Fire investigators have determined that the fire was accidental, said Spokane Valley Fire Department assistant fire marshal Bill Clifford.

Combustible items had been placed too close to the fireplace, Clifford said. The home had no power. “They were using the fireplace to heat the home,” he said.

Neighbors spotted the fire and helped the resident get out of the home, Clifford said. Firefighters found flames coming out every door and window when they arrived. They were told that a woman was also staying at the home and couldn’t be found. “We did three searches for her,” Clifford said.

It turned out that the woman wasn’t home. She arrived at the scene about an hour after firefighters did, Clifford said. The resident and a neighbor were taken to the hospital for treatment of smoke inhalation.

Damage to the home is estimated at $50,000. The resident told firefighters that there was a smoke detector in the house, but the battery had been removed.

A potentially serious fire was also among the 236 calls the department responded to during the week of March 28 to April 3. A cigarette discarded in a plastic trash container started a fire on an apartment balcony at 2820 N. Cherry St. The smoke was spotted and called in just after 3:30 p.m. Tuesday.

“The garbage can had started to fail and melt and fall over,” Clifford said. “We got there just in time to put the fire out.”

No one was home in the apartment. Clifford said the fire easily could have been more serious if the smoke hadn’t been spotted in time. Cigarettes should be disposed of in a metal container, never a plastic container or a potted plant – potting soil is flammable.

Crews responded to 17 car accidents and transported six people to the hospital. A couple of the accidents involved pedestrians or motorcycles. Clifford urged people to look around carefully while driving. “Since the weather is nicer people are out and about and so are motorcycles,” he said.

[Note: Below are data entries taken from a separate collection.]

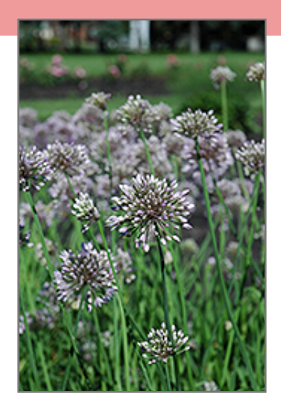
Corkscrew Onion flowers

This is a relatively low maintenance plant. Trim off the flower heads after they fade and die to encourage more blooms late into the season. It is a good choice for attracting butterflies to your yard, but is not particularly attractive to deer who tend to leave it alone in favor of tastier treats. Gardeners should be aware of the following characteristic(s) that may warrant special consideration;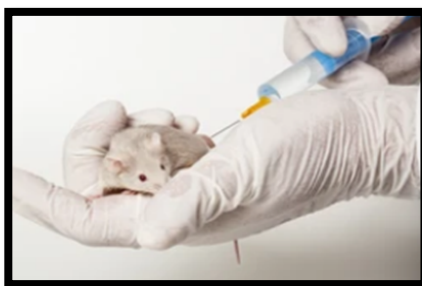
Figure 5: Intramuscular Injection in thigh Muscles

Intra cardiac injection is administered in chest cavity under anesthesia. The needles used for all injection should be small and sterile and one needle should be used for one injection. The number of doses given to mice should be minimum, try to administer only one injection in one day because the analgesic has very limited duration of time. Beside needle the PH plays important role because the injection are directly placed in blood so PH should be neutral because it may lead to serious injury. (Koshkina, Waldrep, Seryshev, Knight, & Gilbert, 1999) The odor and taste are not of much importance because they are injected in blood vessels and that is main advantage of parenteral administration. The solution or vehicle in which drug is diluted should be iso-osmolar that is lactate ringer and should be injected with much attention. Some injectable compounds are potent so they must be diluted by using different vehicles. Similarly, some injectable compounds are in powdered form, so they are also converted to solution by adding vehicle i.e., PBS, DMSO, water, comoil etc. Beside this emphasis should be made on storage and placement because they should be placed in special place in which there is no sunlight because most of them are degraded by direct sunlight.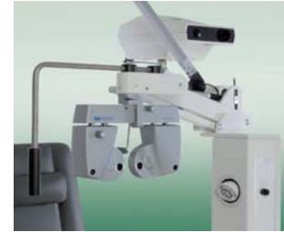
Pendulum-Phoropter Bracket manually operated (Option with electric drive)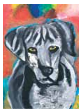
Dog I like dogs and wish I had a pet dog.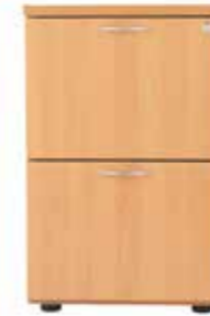
2 DRAWER FILING CABINET TES2FC // W464 D600 H710 £305.00

Our filing cupboards are compatible with all Start, One and Bench workstations ranges. With 2 drawer, 4 drawer, heavy duty side filing options and 6 colour finishes, we have the answer for any storage requirement.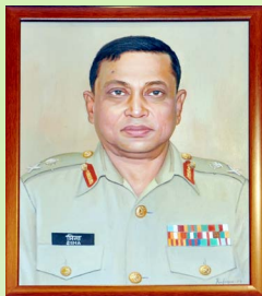
Lt Gen Sina Ibn Jamali, awc, psc 14 May 2009 to 31 Oct 2009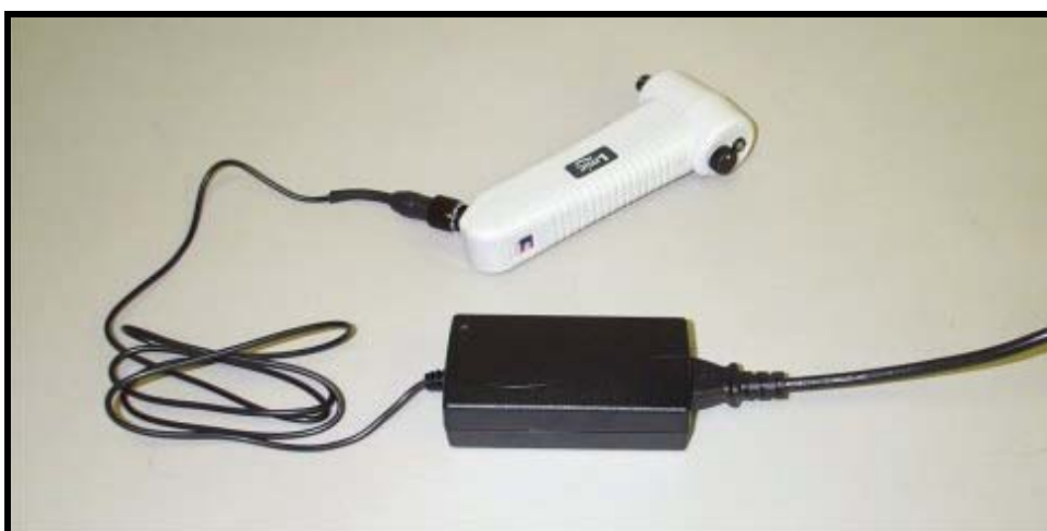
The Lmic connected to the universal 110-240V AC charger

Connect the charger lead to the rear connector of the Lmic and connect the charger power lead to the 240V AC supply. The Lmic can then be charged overnight. An optional accessory is the car cigarette lighter adapter that can also be used to charge the batteries.

One of the motorcycle accidents resulted in a serious but not-life-threatening leg injury. It was reported in the 17400 block of East Trent the afternoon of March 29. A 50-year-old man reportedly rear-ended a car that was slowing but still going about 50 mph, Clifford said. The rider was thrown into the street.

Other calls during the week included two car fires, a report of children playing with a fire extinguisher in the 3000 block of South Pines and a call to provide a ladder to allow police access to a rooftop. Crews also responded to 198 emergency medical service calls and three illegal yard waste fires.